● **WHAT TO DO**: Apart from pictures, transcribe exactly each line from the one containing "創作フュージョン: 料理は和" through the final line of the listing below.

● **DATASET SECTION**:
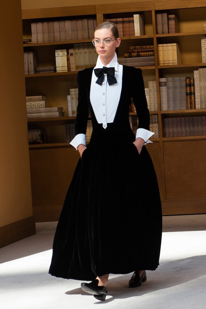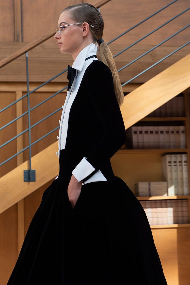A new era crystallised at the house of Chanel with the first couture show by Virginie Viard inside the Grand Palais, she built a triple story, circular library stacked with encyclopaedic volumes. It formed the perfect backdrop for a calm and cerebral couture collection. The opening looks – lean coat dresses, wide tweed trousers and sporty skirt suits – were carefully controlled studies in impeccable tailoring. This was a vision of exquisitely rendered modern elegance: controlled, restrained and seductive in its self-assurance.
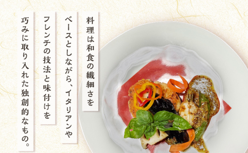 創作フュージョン: 料理は和食の繊細さをベースとしながら、イタリアンやフレンチの技法と味付けを巧みに取り入れた独創的なもの。伝統に縛られず、新しい美味しさを追求する大将のこだわりが光ります。
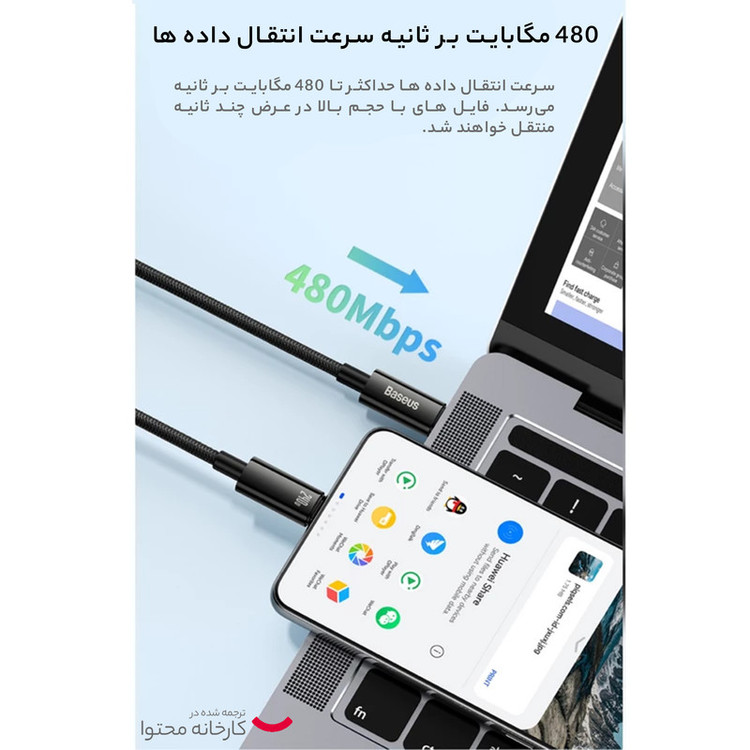 کابل تبدیل USB-C باسئوس مدل (TUNGSTEN  (240W طول 1 متر
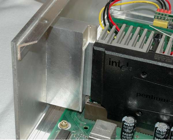 An den passiven CPU-Kühlkörper habe ich einen massiven Alu Block mit wärmeleiteten Arctic Silver Kleber befestigt. Dieser Block wird dann mit Wärmeleitpaste an die Seitenwand des Gehäuses geschraubt.

● **OUTPUT FOR THIS TASK**:
 創作フュージョン: 料理は和食の繊細さをベースとしながら、イタリアンやフレンチの技法と味付けを巧みに取り入れた独創的なもの。伝統に縛られず、新しい美味しさを追求する大将のこだわりが光ります。
 کابل تبدیل USB-C باسئوس مدل (TUNGSTEN  (240W طول 1 متر
 An den passiven CPU-Kühlkörper habe ich einen massiven Alu Block mit wärmeleiteten Arctic Silver Kleber befestigt. Dieser Block wird dann mit Wärmeleitpaste an die Seitenwand des Gehäuses geschraubt.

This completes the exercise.